"Half-warps", scheduling, and branch divergence

MatthewMP · February 24, 2013, 5:39pm

On compute capability 2.x architecture, the Programming Guide says:

“A warp scheduler can issue an instruction to only half of the CUDA cores. To execute
an instruction for all threads of a warp, a warp scheduler must therefore issue the
instruction over two clock cycles for an integer or floating-point arithmetic instruction.”

Simple scenario:

Suppose that for a given warp, I assign one task to the first 16 threads, and another to the second 16 threads. e.g.

if (threadIdx % 32 < 16)
{  funcA();  }
else
{  funcB();  }

Question:

Will this still result in warp divergence due to branching? Does the above Programming Guide quote about issuing instructions to only half of the cores at a time mean that the scheduler can give one set of instructions to one half-warp (“funcA”) and another set of instructions to the second half-warp (“funcB”) simultaneously? i.e. “instruction parallelism by half-warp” ?

seibert · February 24, 2013, 6:06pm

No, divergence is a problem if you branch at the half-warp level. When a warp instruction is executed on compute capability 2.x, the entire warp is sent to 16 of the CUDA cores. CUDA cores are pipelined (as are all modern CPUs), so what happens is that the 32 threads are queued up in two consecutive pipeline stages in those 16 CUDA cores. The instruction takes something like 16 to 24 clock ticks to propagate through the pipeline, but because many instructions moving through the pipeline at once, that group of 16 CUDA cores will complete one warp every two clock ticks.

If you aren’t familiar with pipelining in computer architecture, this is a reasonable summary:

[url]http://en.wikipedia.org/wiki/Pipeline_(computing)[/url]

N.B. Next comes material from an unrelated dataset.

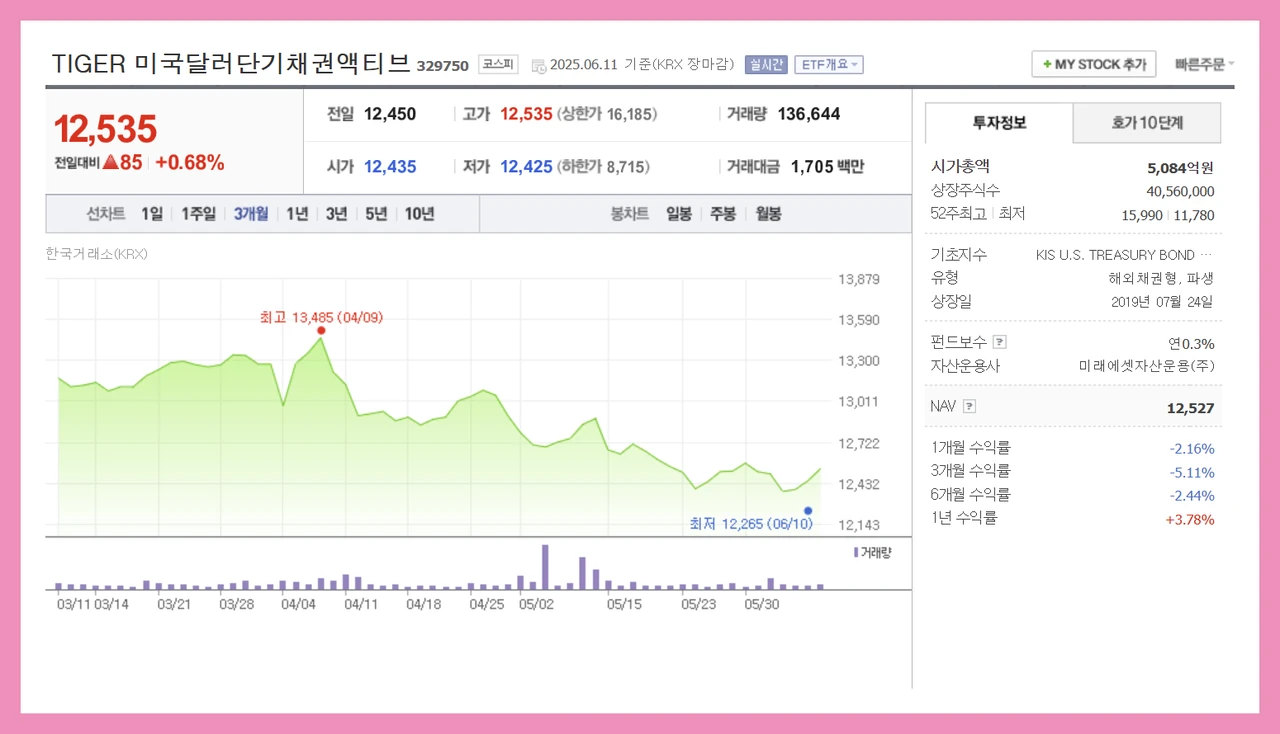 | TIGER | 미국달러단기채권액티브 | 달러표시 단기채 ETF, 채권+달러통화 노출로 변동성 방지 |

MatthewMP · February 24, 2013, 9:07pm

Thank you, seibert. So the half-warp talk is only a detail of computing/architecture. Thus, from the developer’s prospective, the detail about scheduling half-waps, etc., is not a way to get additional parallelism. In fact, it should have no impact whatsoever on the code you write. Right?

seibert · February 24, 2013, 10:48pm

Correct. The scheduler works with entire warps, and so that is how you should think about your code.

One thing to keep in mind is that the warp size on all CUDA devices so far is 32, but NVIDIA has said that it may change in the future. If you need to use the size of a warp in your device code somewhere, then you should use the integer variable “warpSize,” which is provided by the compiler.